The violin plot on the left shows the breadth of coverage distribution by each population groups in 1KGP. The black horizontal line marks the average per-locus coverage metric based on exomes in the Genome Aggregation Database (gnomAD), as an independant estimate from large-scale data (125,748 exomes in the release 2.1).
The second plot on the right shows coverage metric (from exomes in gnomAD browser) over genomic positions in the selected gene for the GRCh37 (b37/hg19) reference genome. The plot consists of two parts: the coverage metric over genomic positions (top) and exons and transcripts in the gene (bottom). The coverage metric is defined as the proportion of exomes in the gnomAD (y-axis) which achieved the target depth of coverage (5x, 10x, 15x, 20x, 25x, 30x, 50x, or 100x) at the given locus (x-axis). The coverage metrics at different target depths are represented by different colors: 5x (red), 10x (dark orange), 15x (orange), 20x (yellow), 25x (light green), 30x (green), 50x (greenish blue), and 100x (blue).
If the given position in the gene is well-covered in most of gnomAD exomes, the position will have high metric values (and in darker colors, too, if the position is also well-covered at higher target depths). For the PNPLA3 gene, most coding exons (except for the leftmost one) are well-covered at all depths. On the other hand, if a region is shown only in red-to-yellow colors (e.g., high percentage of exomes attained 10x coverage for the region, but very low percentage of exomes with 30x or more), or the region have low metric values over any target depths (e.g., only 5% of exomes had covered the region at any level), it indicates that the part of the gene is not well covered among exomes in gnomAD. In the above figure, the leftmost exon in PNPLA3 gene is less-covered compared to other exons.
The genes’ exon-intron structures are shown below the coverage metric plot, as a guide to identify coverage levels within the gene. The light blue blocks at either end represent the untranslated region (UTR) of the gene, while the dark blue blocks represent the exons. Introns are shown as blue lines connecting blocks. Note that the introns of the genes are scaled down to the same length to emphasize the exons. The gene model may show multiple transcripts for the gene, even if a single CCDS transcript is selected. Since coverage metric from gnomAD is based only on GRCh37 (hg19/b37), some genes picked from GRCh38 may not have a corresponding plot for gnomAD coverage metric.

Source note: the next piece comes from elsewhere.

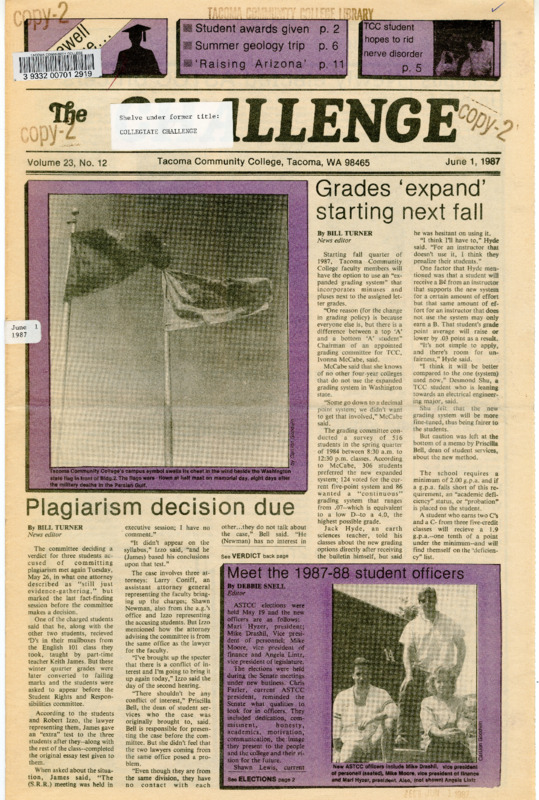 The Challenge - June 1, 1987Student newspaper of the Tacoma Community College. This issue is numbered volume 23, number 12 and is sixteen pages. This issue contains stories on a new expanded grading system; updates on the disciplinary hearing for students regarding alleged plagiarism; new student government officers; a staff vs students softball game; award recipients at the Student Awards Banquet; annual tuition waivers awarded to high school seniors; the Challenge winning a Washington Press Association award; summer jobs for students without work-study; student Eric Featherstone raising money for a treatment for his Friedrich's Ataxia neurological disorder; the retirement of faculty members Carolyn Simonson, Dick Giroux, Lorraine Stephan, and Ruth Zelenak; geology instructor Jack Hyde's summer geological excursion course; the Administration of Justice program; scholarships and financial aid; TCC campus grounds and the maintenance crew; Point Defiance Park; Cambodian refugee student Tea Gov (a continuation from the previous issue); an upcoming TCC Swing and Concert choirs concert; the women's softball team taking second in the division, with numerous photos; campus weight training facilities; spring sports in review, with highlights from softball, baseball, track, golf, and tennis; the annual athletic awards; a Seattle charity being sued for making untrue statements about their benefit event. Also includes photo of the flags on campus; opinion pieces on Memorial Day, the end of the academic year for Challenge staff; letters to the editor on retiring, criticizing sports coverage, congratulating the Challenge for their recent awards; student government column on accomplishments of the academic year; student's summer plans;photos of the Challenge staff; film review of Raising Arizona; book reviews for summer reading; poetry; music review of the Billy Idol concert at the Seattle Center Coliseum; crossword puzzle; 'Whitt's End' humorous advice column; sports editorials on professional basketball, Northwest sports; 'Counselor's Corner' column on change; ads. 'On Campus and Off' section - handwritten in this issue - contains news and events including the Puyallup Fair concerts, a lecture by sex educator Dr RUth Westheimer at the Seattle Opera House, Tacoma Actors Guild auditions, a Beastie Boys and Run DMC concert at the Seattle Center Arena, the world premiere of The Tragedy of Romeo and Juliet by Pacific Northwest Ballet, a Carson Cole and R.U.4. at the Poulsbo Community Auditorium, a benefit performance of Cats for the Fred Hutchinson Cancer Research Center, an American Heart Association benefit of a 'Heartthrob' date auction. Staff credits: published by the Associated Students of Tacoma Community College; editor Debbie Snell; news editor Bill Turner; arts editor Jane Knapper; features editor Ted Mills; sports editor Troy Wohlfeil; photo editor Wesley Farrison; on/off campus Gerie Ventura; ad manager Marti Lambert; business manager Marti Lambert; reporters and photographers Larkin Campbell, Carl Goodwin, Dorothy Gordon, Tom Johanson, Marjorie McCraney, Gordon Peterson, Betty Singleton; columnists Kathy Acker, Chris Farler, Sandy Plann, William W. Whitt; typesetter Gerie Ventura; artist Marjorie McCraney; advisor R. Gilbert.

Comparison of distribution allows users to visualize and to compare cumulative distribution (with Kolmogorov–Smirnov test) for breadth of coverage between pair of populations. Once the pair of population is specified on the left panel, the right part will be updated with the corresponding cummulative distributions. Two black dots connected with dashed line shows the point where the gap between two distribution is the largest. The D-statistics and p-value from Kolmogorov-Smirnov test are shown above the plot.

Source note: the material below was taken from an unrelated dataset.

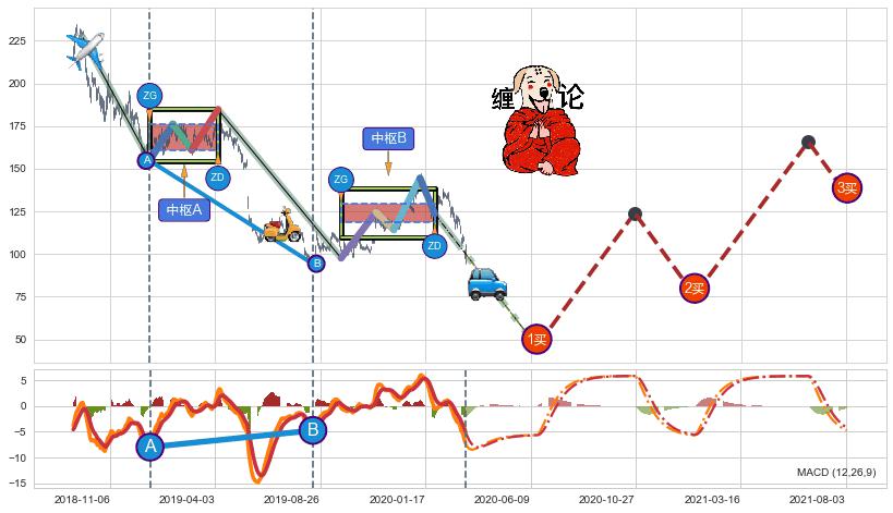 | 29 🅚:下降三部曲(降势三鹤) ➕ ☯️:缠论中枢点下降缠中枢B破位后距离1买距离较远,随后猜想后续持续下跌(趋势跟踪) ☞ 看空信号 ⇥ 【🅚线】交织【图形】⇥ 综合量化分数: 49 | > |

Comparison of means shows the pairwise differences between means of breadth of coverage using the Tukey’s Honest Significant Difference test. The left triangular plot shows the estimated pairwise differences of means. The right plot shows the p-values from the significant difference test.
Tests in GTR for the gene provides a list of all gene panel tests registered in GTR that involves the selected gene. Each panel is listed by its unique accession version and provides a hyperlink to its entry in GTR when clicked. Given all genes reported by WEScover to be poorly covered by WES, users may browse these panels and read their entries in GTR to learn how to gain access to these tests.